Re: Secret History of the Beast Riders?

From: Glass <glass_at_...>
Date: Tue, 26 Mar 2013 16:48:34 -0000

> I don't agree with this take. Daka Fal is the great spirit of ancestor worship. Neither the ancestors nor the judge of the dead are scorned or wretched.

All good. I didn't say any of this was sane, only that the structural parallels -- and not equivalences -- are worth gnawing on.

> The fact that the ancestral spirits are powerless in the face of gods doesn't really say much. Any small spirit gets blown away by a bigger one.

What makes Waha a bigger spirit?

> There are many victims of the god's war. The Father of Independents and Daka Fal are far from unique in that.

How many do we still talk about?

> Would Waha have recognized Daka Fal as judge of the dead if he was as much of a loser as you describe him to be?

I'm not calling Daka Fal a loser. I'm pointing to structural parallels between him and a loser.

But let's go back to that text, because it fairly artfully marries the divine recognition with the "loser" (inferior) status:

Daka Fal was named by the gods to be the Judge of the Dead, for it was he who first knew that power and who holds all of the secrets of Death. In Prax his worship has had no actual power in the face of the gods. In times of crisis, when the gods fail their worshippers, this cult gets very popular.

Named by the gods. No actual power in the face of the gods.

We can also debate whether dying represents loss here or not. I think there's something tragic about the story at least. He failed. He died. He's the archetypal dying man. The Great Darkness messed him up somehow.

These aren't winner traits. Winners can recognize something valuable in the story and make room for it in their society without forgetting that it's a story of loss. If it wasn't, there'd be no death and nothing for a judge of the dead to do.

> I thnk you are conflating two things. The Dead Place is not an avoidance of the separation between the living and dead.

I wouldn't say "avoidance of the separation." I'd say "a place where the separation breaks down." There is no spirit world there. Spirits become physical. The line between spirit and flesh ceases to exist.

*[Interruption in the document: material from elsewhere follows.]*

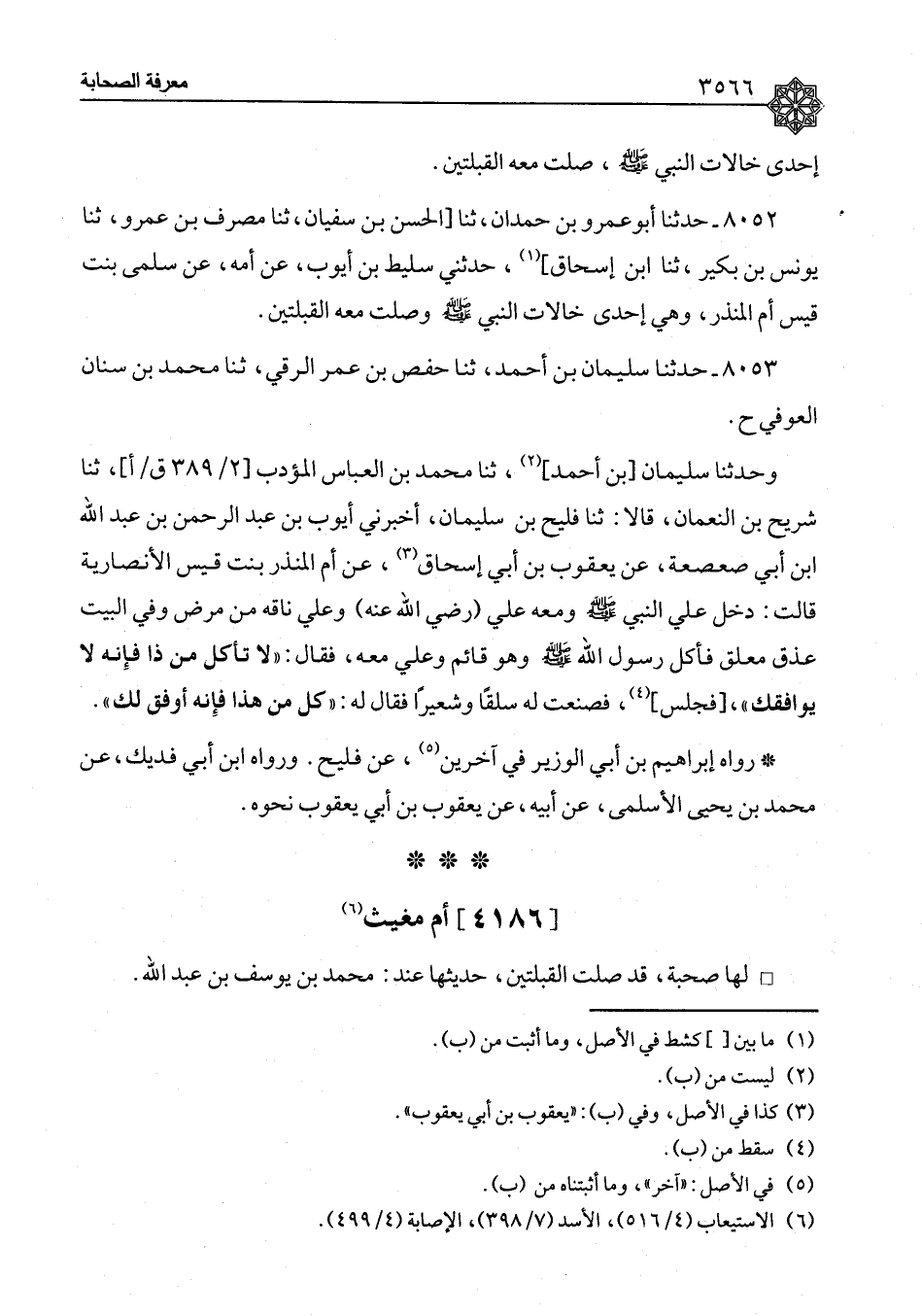 ٨٠٥٢ - حَدَّثَنَا أَبُو عَمْرِو بْنُ حَمْدَانَ، ثنا الْحَسَنُ بْنُ سُفْيَانَ، ثنا مُصَرِّفُ بْنُ عَمْرٍو، ثنا يُونُسُ بْنُ بُكَيْرٍ، ثنا ابْنُ إِسْحَاقَ، حَدَّثَنِي سَلِيطُ بْنُ أَيُّوبَ، عَنْ أُمِّهِ، عَنْ سَلْمَى بِنْتِ قَيْسٍ أُمِّ الْمُنْذِرِ، «وَهِيَ إِحْدَى خَالَاتِ النَّبِيِّ صَلَّى اللَّهُ عَلَيْهِ وَسَلَّمَ، وَصَلَّتْ مَعَهُ الْقِبْلَتَيْنِ»
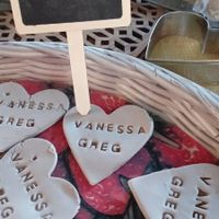 Bonjour à tous, Cet après-midi j'ai tenté l'argile bah c'est plutôt plaisant à faire, avec les prénoms pour la table des adultes, les petits cœurs c'est mon fils de 9 ans qui a fait pour la table des...

> It's MGF is you like to go down this path, but I think it over simplifies. Genert was clearly not the first death, and we know that Daka Fal was. I tend to identify Daka Fal with Orani, who was a son of Storm Bull, after whom Orani's Mistake is named. I like to think that he died fighting Basmoli invaders. But I think that is contradicted somewhere in the canon.

I said it was the pinnacle of crazy, after all. Some crazed tribal mystic may think so. We need more crazed tribal mystics.

Orani is a great alternative. Which makes Daka Fal what, Waha's brother? And it brings the [western-leaning] lion men into the picture. Their god died too.

Another option is that there were endless Grandfather Mortals and the Orlanthi had one and Orani was another and there's maybe even one hiding under the complex we now call "Genert" and a fourth whimpering over at the Dead Place. Some of them get conflated at different points by different people. Some get deliberately pulled apart.

> - He was associated with a place that was crushed when Storm Bull fell on it.
> - He was with Storm Bull when Storm Bull dropped. We was either crushed by Storm Bull ("I'll catch you!") or was an earth entity whom Eiritha sucked dry.
> - He's something chaotic that was fighting Storm Bull and got crushed or sucked dry.
> - He's a part of Storm Bull. Storm Bull has lots of parts that got broken off of him. Maybe he is Storm Bull's cunning.

All great avenues for tribal magicians to explore. The last one especially.

Does he have a grudge against Storm Bull, do you think? What's their relationship like, in your Glorantha?